USA and PLO
TO understand why the American decision to talk to the Palestine Liberation Organization (PLO) caused such a spectacular, and varied, reaction, one must start with an understanding of what is actually going on. The real issue behind all the rhetoric is whether the Israel of the future is to be ``big'' or ``little.''
In this respect, ``big'' means Israel's holding all of the land lying West of the Jordan River, plus the Golan Heights on the East Bank. Maintaining a Jewish majority in that state would require expelling another million Arabs in addition to those now living in exile. ``Little'' means roughly the Israel that existed from 1947 to 1967, with most of the presently occupied territories to be self-governed by Arabs, with no Israeli soldiers or police having authority over Arabs.

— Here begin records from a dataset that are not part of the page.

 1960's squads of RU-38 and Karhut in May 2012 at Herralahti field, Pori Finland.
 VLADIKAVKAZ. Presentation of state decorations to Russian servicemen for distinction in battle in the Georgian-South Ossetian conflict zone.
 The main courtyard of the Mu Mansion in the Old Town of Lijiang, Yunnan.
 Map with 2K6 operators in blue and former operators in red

The decision whether the ultimate Israel is to be ``big'' or ``little'' lies with the United States. A ``little'' Israel existing by consent of the Arab neighbors and living in a mutually cooperative common market with those neighbors could conceivably someday be able to survive without any American subsidy. A ``big'' Israel means a state of continuing hostility with its Arab neighbors and an increasing drain on the US Treasury.

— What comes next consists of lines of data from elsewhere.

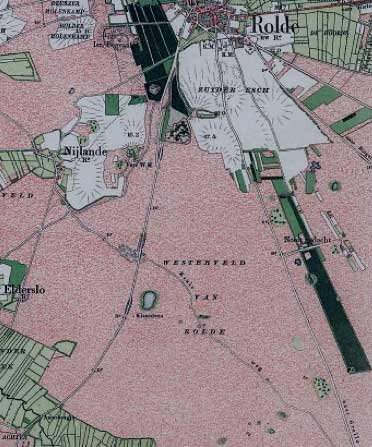 Westerveld of Rolde between Rolde and Grolloo on the topographical map of 1907
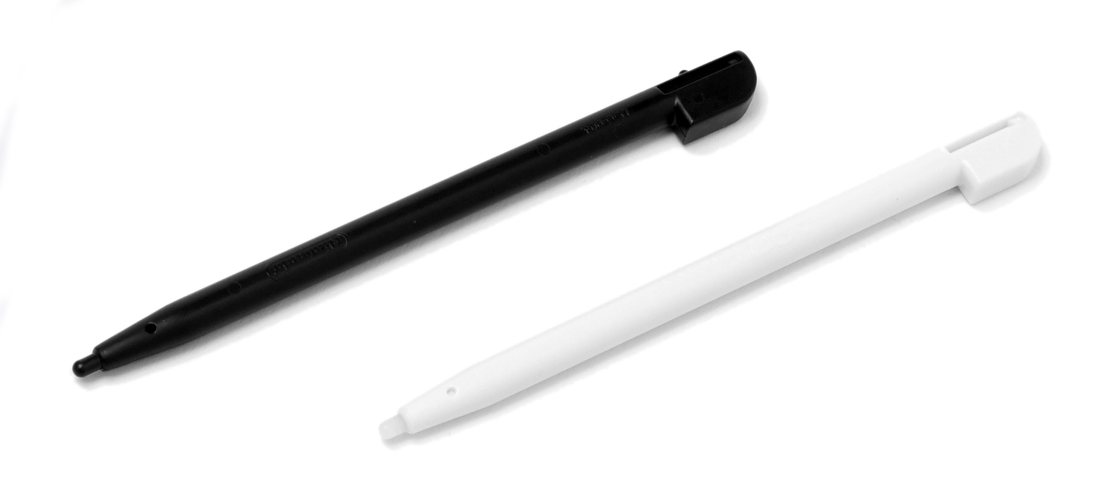 Two examples of styli that work with the Nintendo DS Lite.
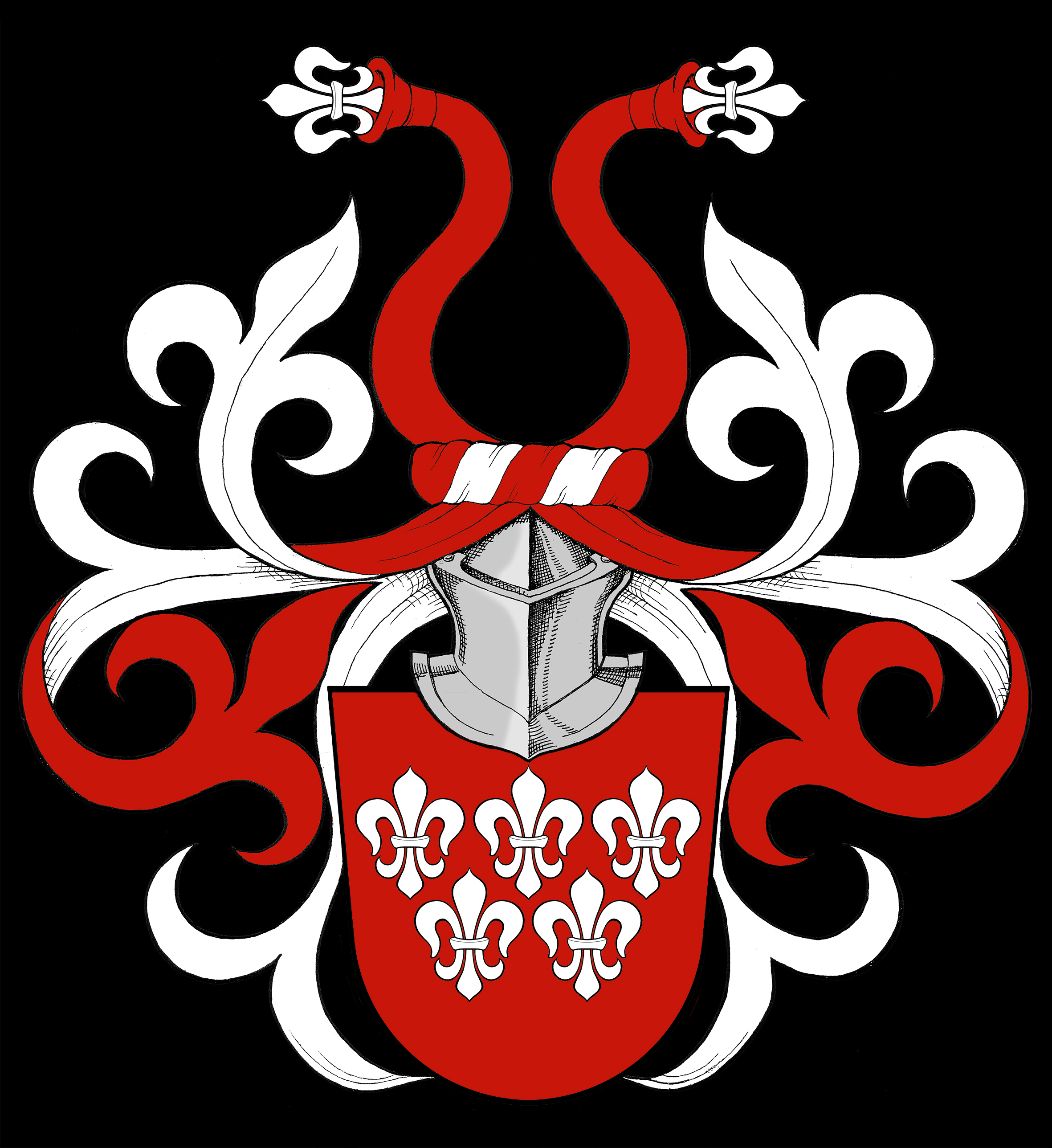 Original coats of arms of the Lorber Family of Bamberg before it's nobilitation 1571. Drawn as described by Ignaz von Lorber (1788-1857), the last known member of the noble family branch, in his application for nobility to the Bavarian king (Bayerisches Hauptstaatsarchiv München, L 31 Seite 6f).
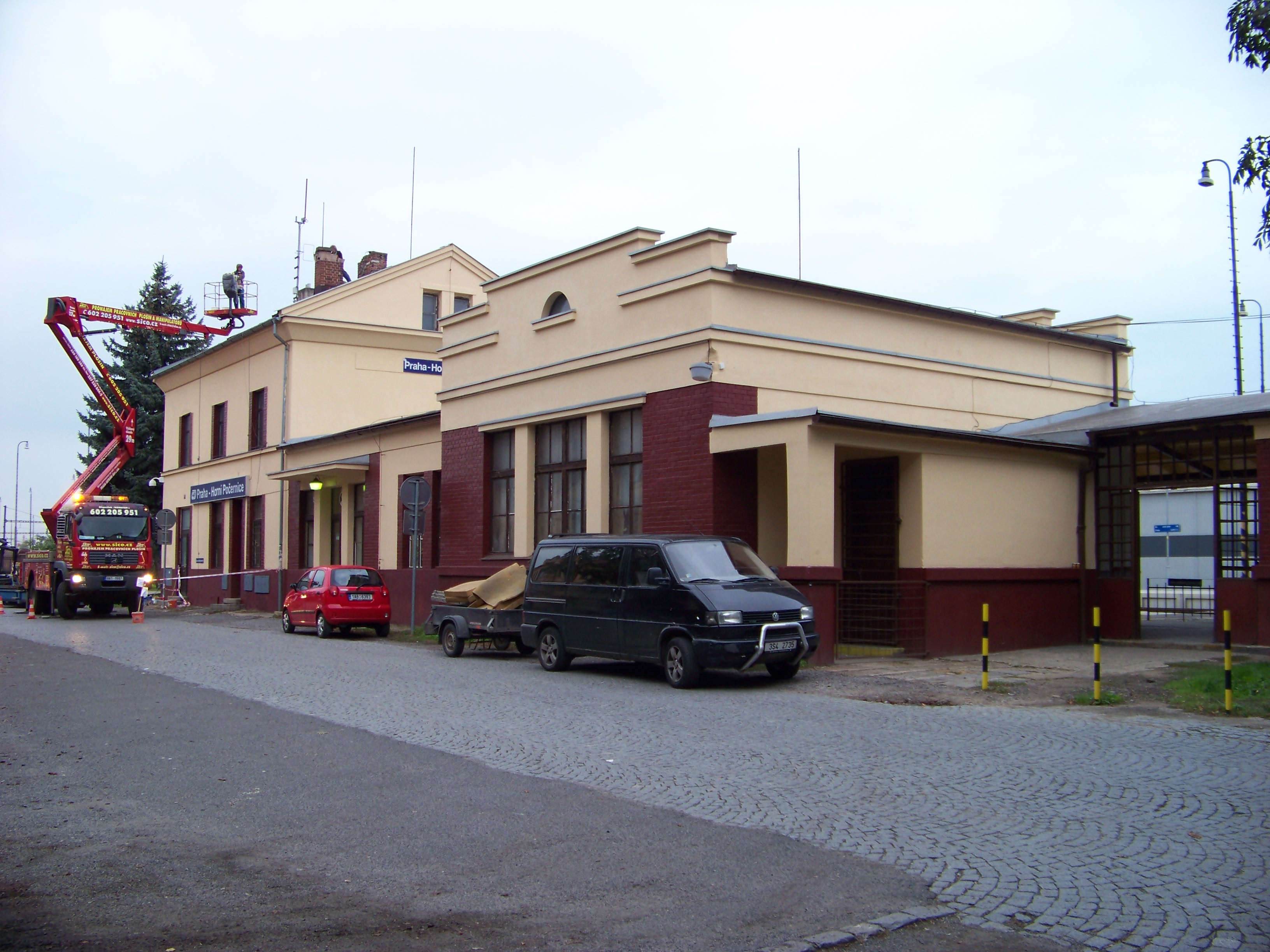 Prague-Horní Počernice, Czech Republic. Libuňská 632/1, train station Praha-Horní Počernice.

The most significant thing that happened on the day after Secretary of State George Shultz announced that the US would open direct talks with the PLO was a hurriedly called meeting in New York of the Conference of Presidents of Major American Jewish Organizations. The meeting was behind closed doors. The chairman, Morris Abram, held a press conference after the session and announced ``I accept what [Mr. Shultz] has done.'' He added that he had the backing of the ``majority'' of his group's constituent organizations.
The government of Israel protested Shultz's action. Hard-line Israelis vied in the vigor of their denunciations of the deed. Hard-line American Zionists echoed the protests from Israeli government sources. But Mr. Abram, speaking for the great majority of American Jews, accepted the deed.
In other words, Shultz had the consent of the most representative and responsible spokesman of the American Jewish community for the decision to have American diplomats meet and open a dialogue with Yasser Arafat, chairman of the PLO.
This sends a message to the government of Israel. It says that the US government, with the consent of the leaders of the American Jewish community, is not willing to commit itself any longer to the costs of an Israel that refuses to come to terms with the Arab community in the Middle East. The US is talking with the PLO because only by so doing can the road be opened toward a peace to involve a little, not a big, Israel.
This is a painful moment for Israel. Half its population, insofar as one can judge from election results and public-opinion polls, wants the bigger Israel of Menachem Begin's dreams. That half wants it bitterly and passionately. The repression of the Arab uprising on the West Bank testifies to this daily.
So long as the US refused to talk to the PLO directly, the US was, in effect, underwriting the desire of those who want the ``big'' Israel. It was implying that the US would go on indefinitely subsidizing Israel in a state of perpetual hostility with the Arab community.
Now we are in a new game. Shultz denies that the decision to talk with the PLO means recognizing a Palestinian state. Technically, he is correct. But the Israelis who protest the deed are also correct. The mere fact of talking recognizes that there is a Palestine independence movement, that its spokesman is Mr. Arafat, and there can be no true peace in the Middle East by means other than an agreement between Israel and the PLO. In other words, the US now, for the first time since 1975, is moving down a road that could mean a peace, because it aims at a small rather than a big Begin-type Israel.